Abstract: The essay argues that the reasonable expectation of privacy threshold is a legal doctrine woefully inadequate to emerging technologies of surveillance and prediction. Findings of no REP create zones of s. 8 inapplicability wherein the state is impliedly licensed to seize information without judicial oversight or constitutional restraint. Inexpensive automated surveillance technologies promise to radically augment the quantity and quality of information in these zones of s. 8 inapplicability yield. Increasingly powerful computing systems now threaten to use this gathered information to support inferences of alarming accuracy and devastating specificity. In light of these developing powers of surveillance and prediction, the article suggests that the threshold doctrine should be abandoned entirely, with specifically delineated legal authorizations substituted in its place.

 

Deirdre G. Martin Memorial Privacy Law Award for the Best Research Paper

Meghan Sali (3rd year of JD) for “A Square Peg in a Round Hole : Why Copyright is Not the Answer to the Non-Consensual Distribution of Intimate images”

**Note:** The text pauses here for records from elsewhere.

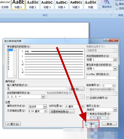 弹出 “定义新的多级列表”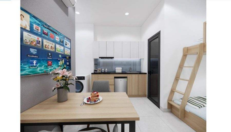 Căn hộ mini full nội thất bao gồm thiết bị điện: Máy giặt, bếp, máy lạnh,...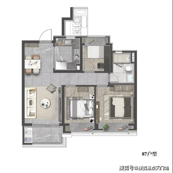 建面约87㎡3房,做到了三开间朝南设计,整个户型几乎没有浪费面积。实现空间节约、居住升级等美好体验。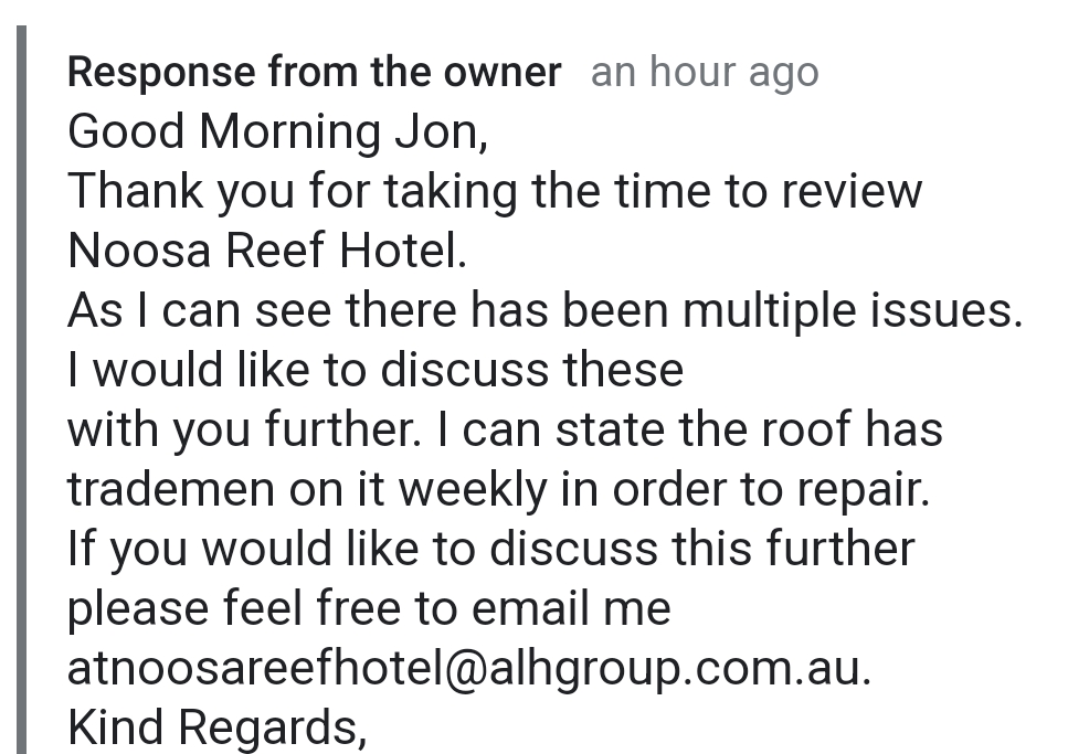 Response to reply from owner: Yes Jarrod, I'm sure there are tradesmen working on it every week, but I can see from the water marks it's been going on for months. The ceiling is a health hazard, the mould needs to be removed as well as any plaster that can potentially fall in on someone's head. This hasn't been done, but I'm not surprised to learn ALH owns it. What a shame.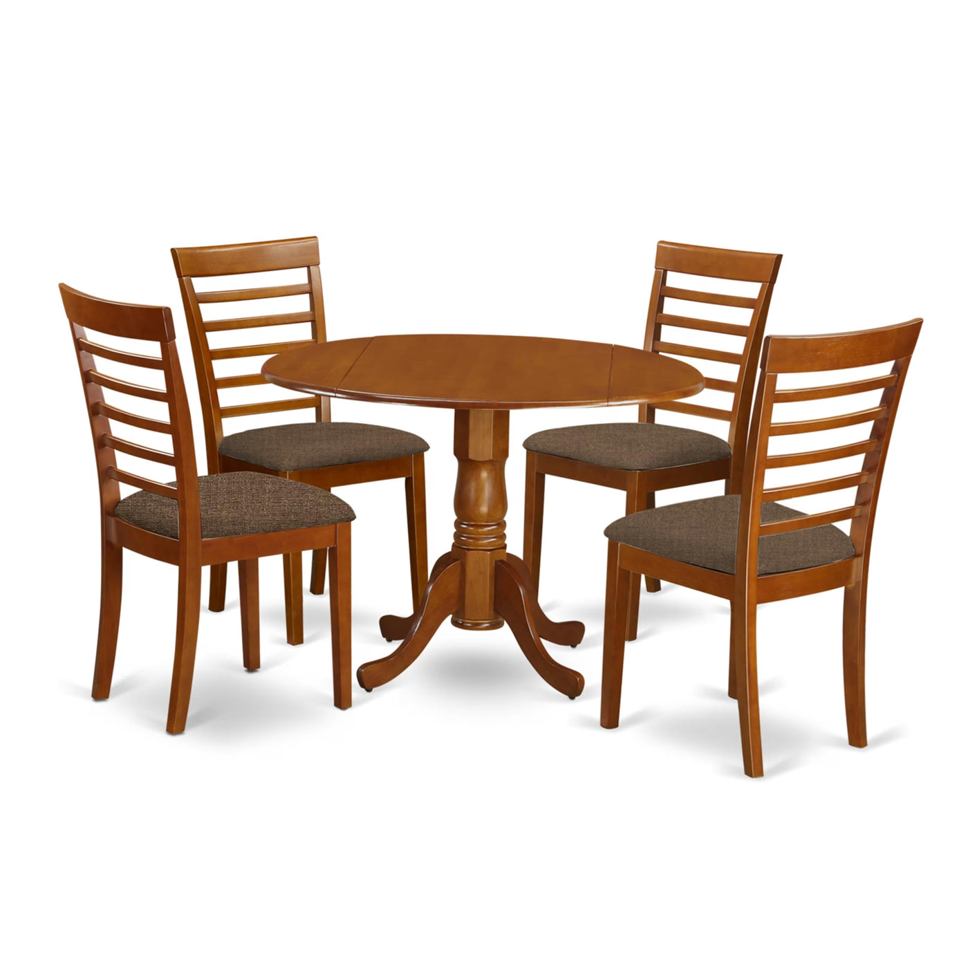 East West Furniture DLML5-SBR-C 5 Piece Dinette Set for 4 Includes a Round Dining Room Table with Dropleaf and 4 Linen Fabric Upholstered Dining Chairs, 42x42 Inch, Saddle Brown

Abstract: This paper responds to a brand of legal realpolitik that says using property law to respond to the non-consensual distribution of intimate images (NCDII) is appropriate and even necessary because its remedial frameworks are well-developed and provide the relief that is often most sought after by victims in the aftermath of an assault: the removal of photos from online platforms. At some level, defaulting to property frameworks is logical where it provides remedies that prove challenging for survivors of image-based sexual abuse to secure through other means. However, relying on copyright for a remedy puts survivors in the position of having to argue that the real harm they have suffered is to their property interests, rather than to their dignity, privacy, and physical safety. Furthermore, copyright remedies fail to respond to the broader societal harms and to the equality interests of women and girls whose participation in public life is limited by this kind of abuse.

 

Thanks to the generosity of friends and colleagues of Deirdre G. Martin, each student will receive an award of CA$1,500.

 

The Deirdre G. Martin Memorial Privacy Law Award was established by Deirdre G. Martin’s friends and colleagues in the Insurance Bureau of Canada’s Legal Division who want to honour her memory.

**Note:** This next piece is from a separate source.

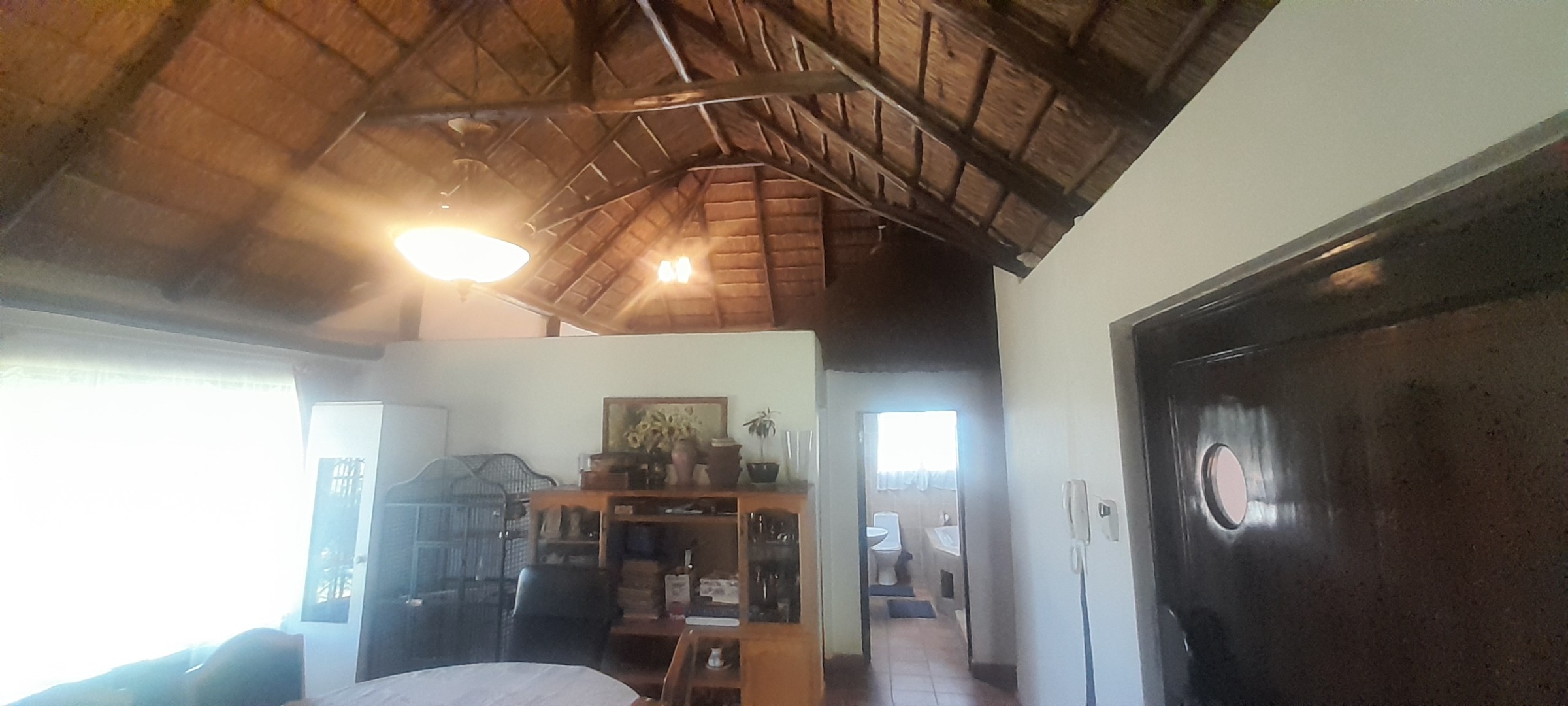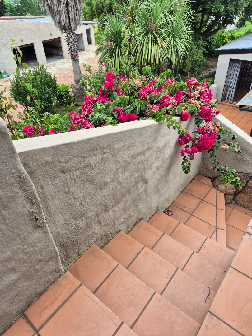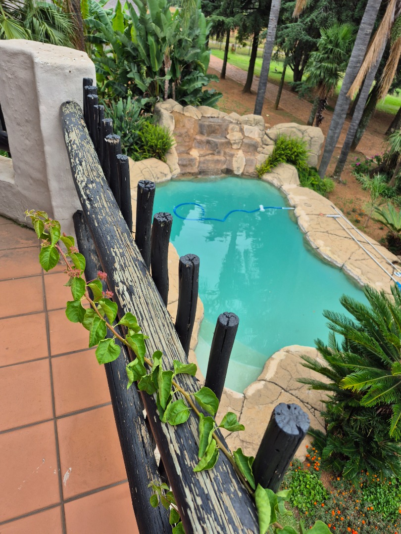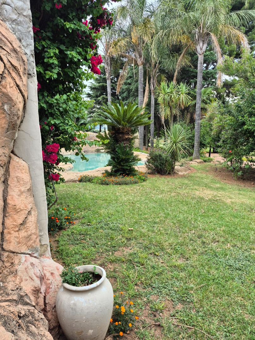 Nestled within the serene expanse of Drumblade AH, Walkerville, this magnificent country estate offers an unparalleled lifestyle of luxury and tranquility. Spanning an impressive 5.90 hectares, this property presents a captivating kerb appeal with its unique architectural style, featuring a charming thatched-roof structure and a multi-story main residence, all set against a backdrop of lush, mature landscaping and distant scenic views. Step inside to discover an interior designed for grand living and intimate comfort. The residence boasts an expansive layout with two sophisticated kitchens, two elegant dining rooms, and three versatile lounges, including a dedicated family TV room. An inviting entrance hall, a private study, and the allure of open-plan living spaces are enhanced by special doors, ambient special lights, and a cozy fireplace, ensuring every moment is imbued with warmth and style. Air conditioning throughout provides year-round comfort. Accommodation is generous, featuring seven opulent bedrooms and four meticulously appointed bathrooms, including a luxurious en-suite and a convenient guest toilet. This thoughtful design caters effortlessly to large families or those who frequently host guests, offering privacy and comfort for all. A separate private garden cottage and staff quarters further enhance the property's versatility and convenience. Embrace the quintessential outdoor lifestyle with a sparkling swimming pool, complete with a captivating rock waterfall feature, surrounded by tropical landscaping that creates a private oasis. Expansive patios and balconies invite al fresco dining and relaxation, while the meticulously maintained garden and paved pathways lead to an impressive seven-car garage, providing ample space for vehicles and storage. Pets are welcome to roam the secure, fenced grounds. Security is paramount, with an alarm system, CCTV surveillance, intercom, access gate, security gate, and burglar bars ensuring peace of mind. The estate also champions self-sufficiency with a borehole and multiple water tanks, underscoring a commitment to sustainable living. Situated in a desirable cul-de-sac, this property offers an exclusive retreat from the everyday. Key Features: * 7 Bedrooms, 4 Bathrooms (1 En-suite) * 2 Kitchens, 2 Dining Rooms, 3 Lounges * Private Study & Family TV Room * Sparkling Swimming Pool with Rock Waterfall * Expansive 5.90 Hectare Erf * 7 Garages & Staff Quarters * Private Garden Cottage * Borehole & Water Tanks * Alarm System, CCTV, Intercom, Access Gate * Air Conditioning & Fireplace

All professors teaching a privacy law-related course at the Faculty of Law were invited to nominate the best papers written during the 2020-2021 academic year by a student from the Common Law Section, the Civil Law Section or the Graduate Studies. The Selection Committee was comprised of Professor Michael Geist, Professor Teresa Scassa and Professor Florian Martin-Bariteau.

 

About Deirdre G. Martin

Deirdre G. Martin earned her law degree cum laude in 1978 from the Faculty of Law, Common Law Section at the University of Ottawa. She was Senior Counsel with the Insurance Bureau of Canada from 1998 to 2006. She was an expert on the application of the federal, Alberta and British Columbia privacy laws to the property and casualty insurance industry. She was a gifted speaker who enjoyed making presentations on the implementation of these privacy laws. Between 2001 and 2004, she gave training seminars and presentations across Canada to over two thousand people from P&C insurance companies, independent brokers and claims adjusters.